* WHAT YOU SHOULD DO: Please copy, exactly and with no pictures, only the lines from the one containing "В окремому посуді" through the last line of the records.

+++

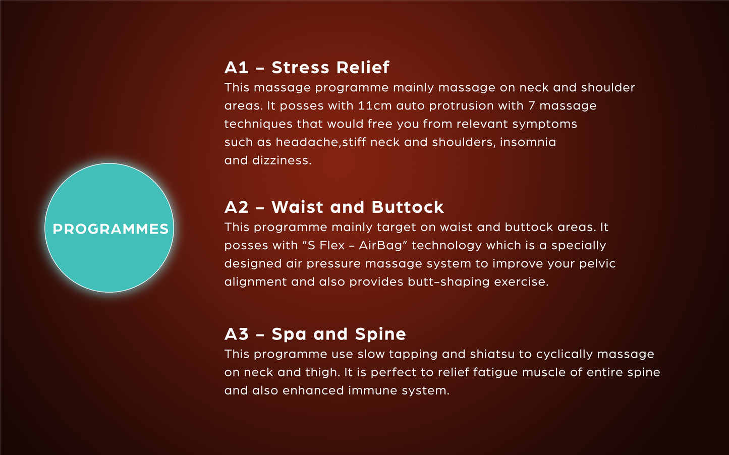 A2 – Waist & Buttock : focuses on waist & buttock using kneading & tapping, shiatsu,kneading simultaneously with its S-Flex airbag system that applies pressure for pelvic alignment & butt-shaping exercises,
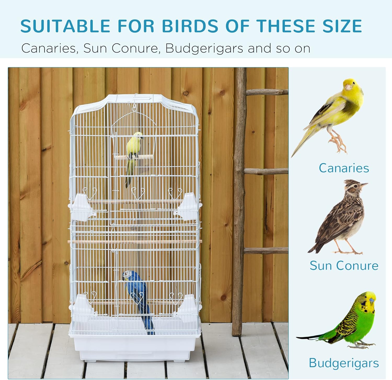 Ample Living Space: The flight cage offers much space for your bird to stretch their wings and play around. With 0.4″ (0.9 cm) bar spacing, the flight cage is suitable for finches, budgies, and other small birds.
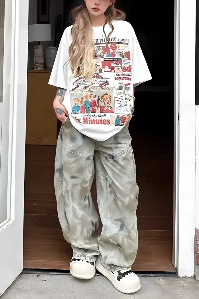 White Oversized Graphic Printed T-Shirt
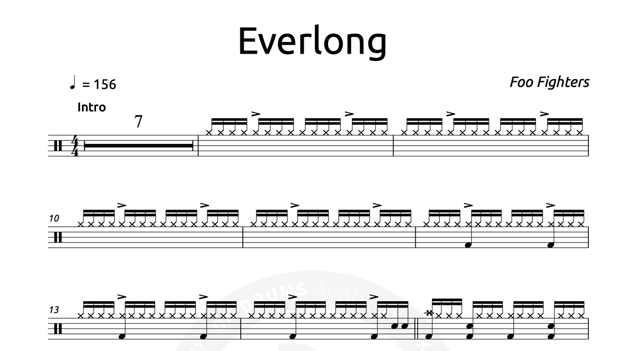 The full drum sheet music for “Everlong” by Foo Fighters from the album The Colour and the Shape (1997).
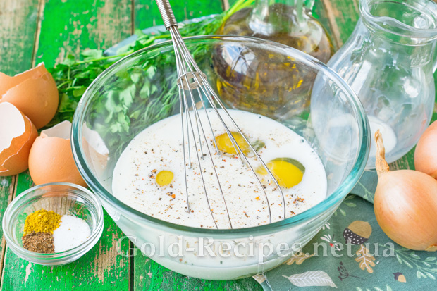 В окремому посуді з’єднаємо 3 курячих яйця, молоко, сіль і мелені спеції.
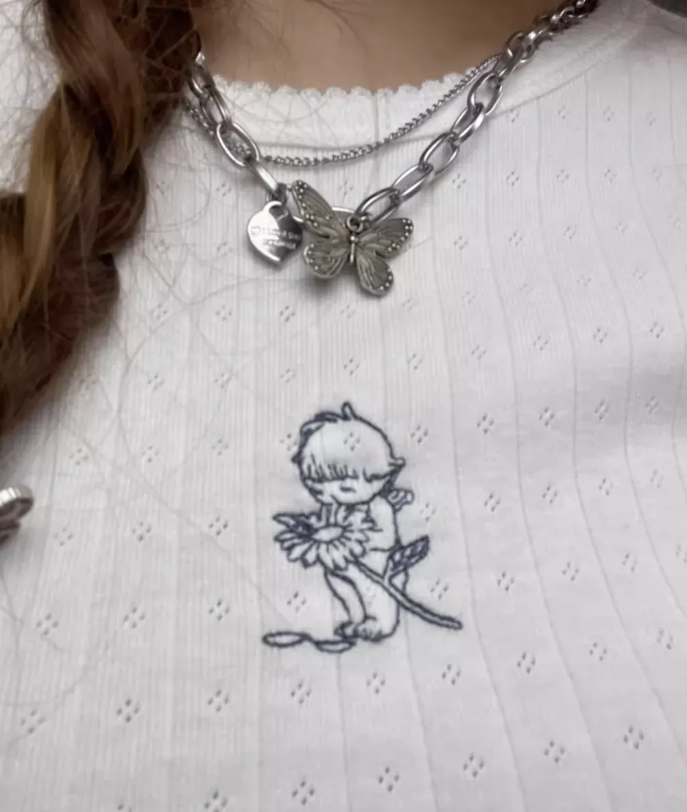 ‘百搭T恤’ 小天使雏菊刺绣T恤
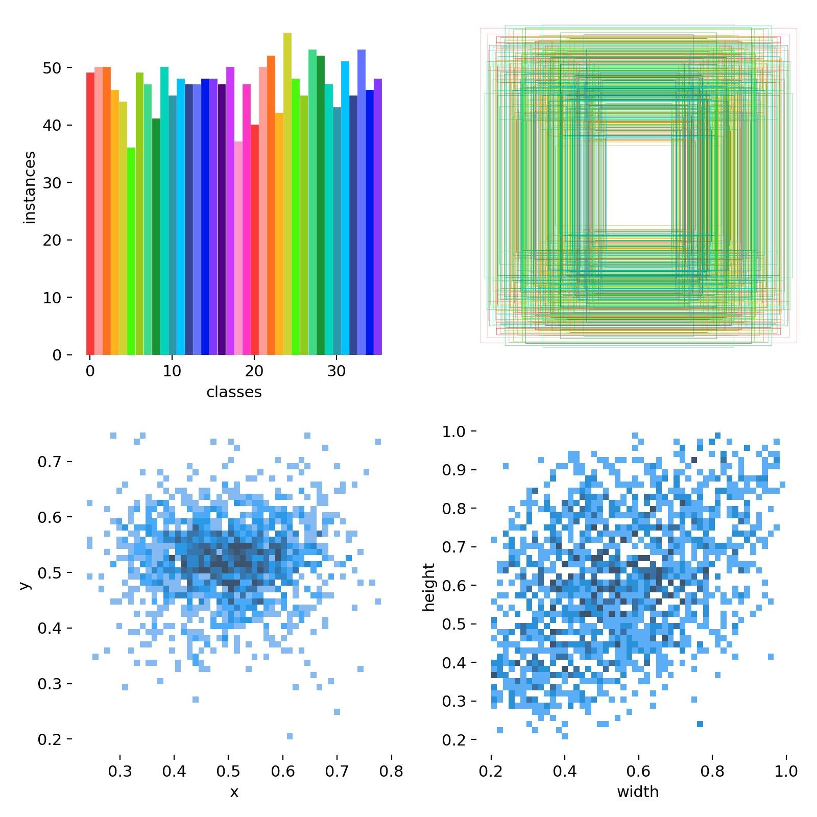 我们的数据集还展示了边界框中心点的集中趋势和宽高比的分布,揭示了在图像中心区域鸟类出现的可能性更高,以及在不同大小和形态的图像中,鸟类的宽度和高度比例变化很大。这些分析结果对于训练阶段锚框的选择、模型架构的设计,以及后续的性能优化都有直接的指导意义。
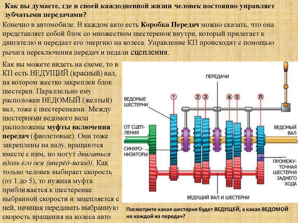 Посмотрите какая шестерня будет ВЕДУЩЕЙ, а какая ВЕДОМОЙ
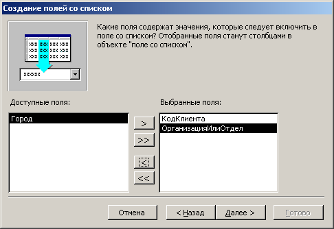 В новом окне выберите поля, которые должны быть включены в поле со списком, и нажмите кнопку со значком >, чтобы перенести их в список

+++

* WORKED SOLUTION:
 В окремому посуді з’єднаємо 3 курячих яйця, молоко, сіль і мелені спеції.
 ‘百搭T恤’ 小天使雏菊刺绣T恤
 我们的数据集还展示了边界框中心点的集中趋势和宽高比的分布,揭示了在图像中心区域鸟类出现的可能性更高,以及在不同大小和形态的图像中,鸟类的宽度和高度比例变化很大。这些分析结果对于训练阶段锚框的选择、模型架构的设计,以及后续的性能优化都有直接的指导意义。
 Посмотрите какая шестерня будет ВЕДУЩЕЙ, а какая ВЕДОМОЙ
 В новом окне выберите поля, которые должны быть включены в поле со списком, и нажмите кнопку со значком >, чтобы перенести их в список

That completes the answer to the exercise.